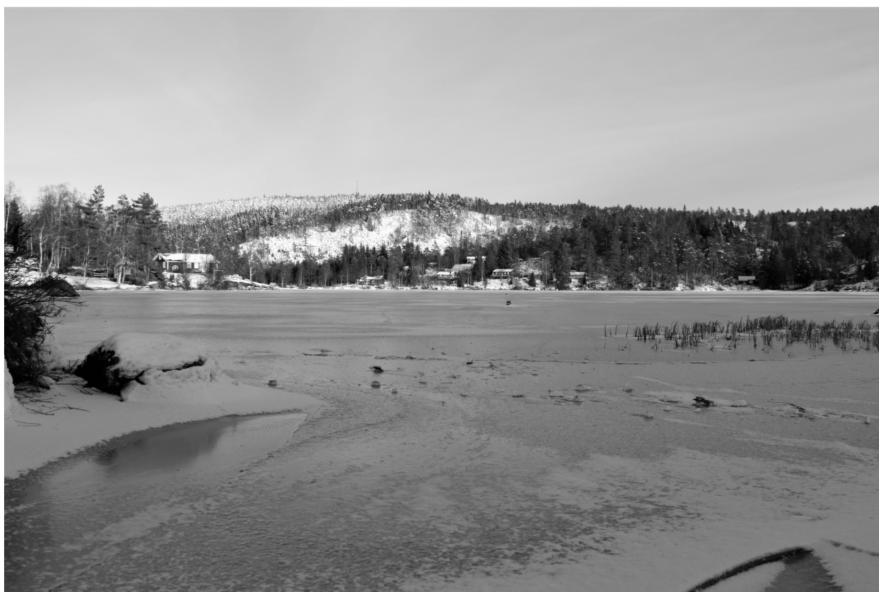
Islagt Bjennvann, Naglestad, januar 2021.
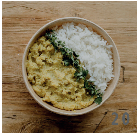
20. Linsen Daal Bowl - warm
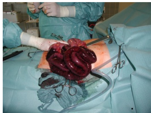
Chirurgická léčba ileu
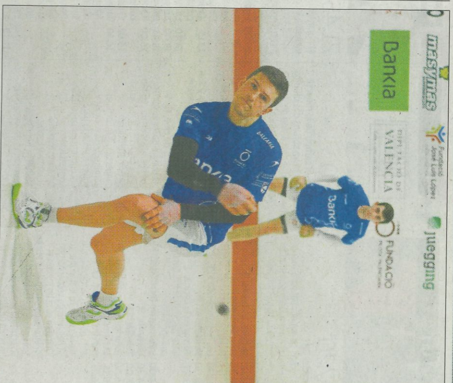
Gabi està rendint a gran nivell en la Liga Bankia i en la Liga 2. FUMPIVAL
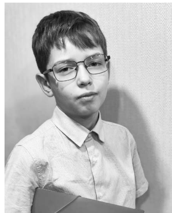
Это первая большая победа юного североморца.

Людмила РОМАНОВА.
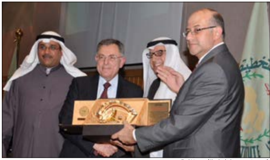
تكريم رئيس وزراء لبنان الأسبق فؤاد السنيورة

نظرا للأمل المعقودة على هذه الشبكة في المستقبل ودورها المتوقع في مجال التدريب وتعزيز القدرات البشرية، وأعادت أرسية التأكيد على أن الحكومة الفرنسية ستواصل دعمها لكافة المبادرات البناءة.
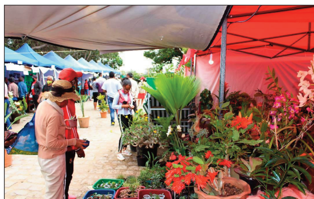
Ireo mpitsidika ny hetsika: « Festival des Jardins », tetsy amin'ny AFT Andavamamba ny herinandro teo.

Hetsika momba ny zaridaina, na Festival des Jardins natao tetsy amin'ny AFT Andavamamba nandritra ny hateloana ny herinandro lasa teo, nahatratra 5000 teo ireo nit-sidika izany hetsika izany nandritra ireo fotoana ireo. Tanjona tamin'izao hetsika izao ny fanehoana ny fikojana ny zaridaina, sy ny fikojana ihany koa ny tontolo iainana. Teo amin'ny 40 teo kosa no isan'ireo tranoeva nanao ny fampirantiana ireo voninankazo samihafa, sy ireo karazan-kazo volena eny anjaridaina. Anisan'ny nia-vaka sy nahaliana ny maro ny « bonsai », karazan-kazo fohy sy fonentana. Ankoatr'izany, nisy
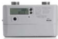
商业超声波燃气表
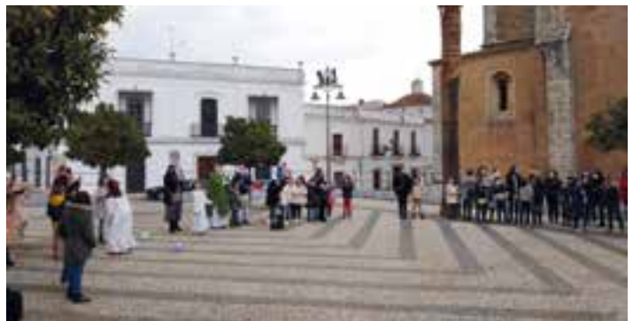
Suelta de globos en la plaza de España en Los Santos de Maimona.

En el acto, que contó con numeroso público, se recaudaron en torno a 1.400 €, que irán destinados a financiar proyectos de
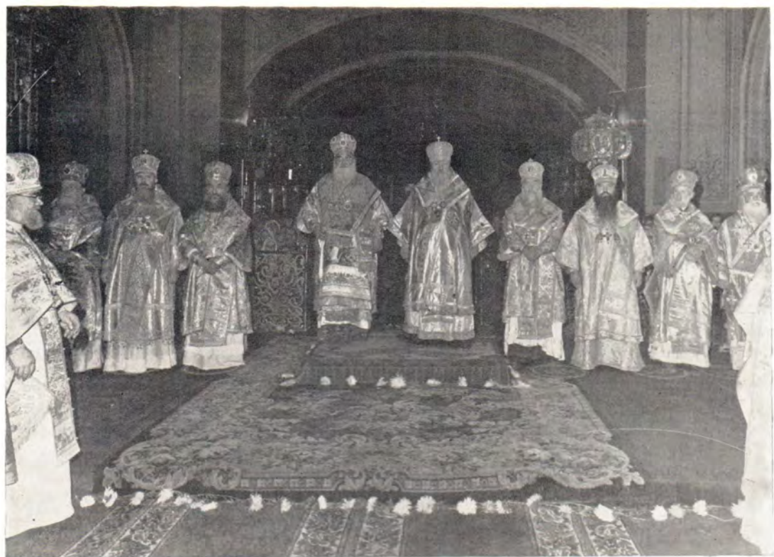
Блаженнейший Патриарх Диодор и Святейший Патриарх Пимен с иерархами и клириками Иерусалимской и Русской Православных Церквей за Божественной литургией в Богоявленском патриаршем соборе в Москве 9 сентября 1981 года, в день памяти преподобного Пимена Великого
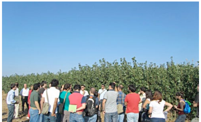
Actividad formativa a pie de campo
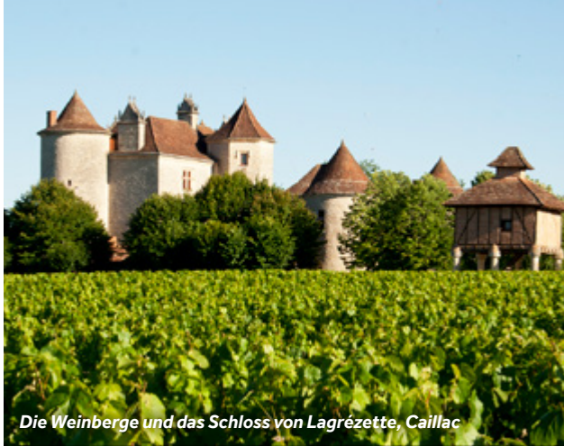
Die Weinberge und das Schloss von Lagrèzette, Caillac
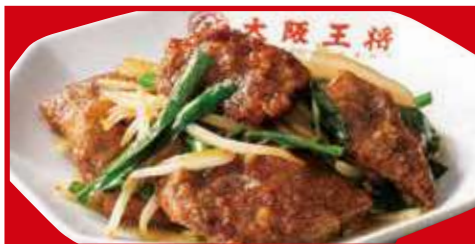
レバニラ炒め 税込700円
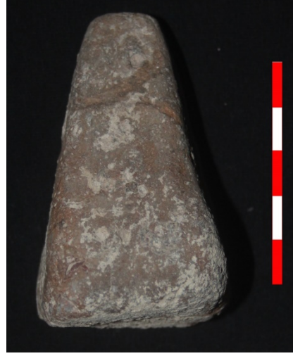
Resim 32: Yüksel Köyü Hüyük Mevkii ağırşak 2013 Env. No.3
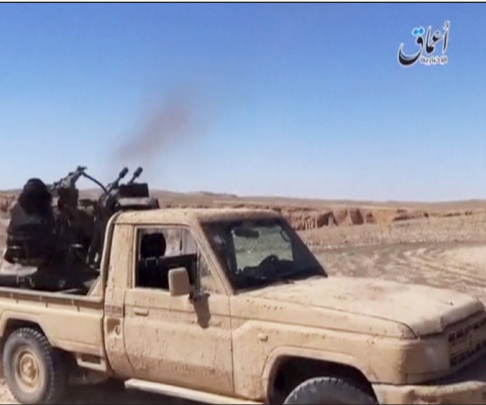
صورة مأخوذة من فيديو لمقاتل في «الدولة الإسلامية» يطلق النار من مدفع مضاد للطائرات باتجاه طائرات النظام على مشارف مدينة تدمر (رويترز)

وأكد لودريان ان «المعارك في تدمر التي يشارك فيها الروس مستمرة»، متوقفا «استعادة المدينة»، ومشيرا إلى «تفكير التنظيم المتطرف في العراق كما في سوريا»، مؤكدا ان داعش خسرت 25 في المائة من الأراضي التي احتلتها منذ العام 2014، (ومن بينها مدينة الشدادي معقل المتطرفين في محافظة الحسكة (شمال شرق
....................
** Prompt **
Report the tally of lines in the material holding "مدينة", and add nothing to it.

** Expected output **
2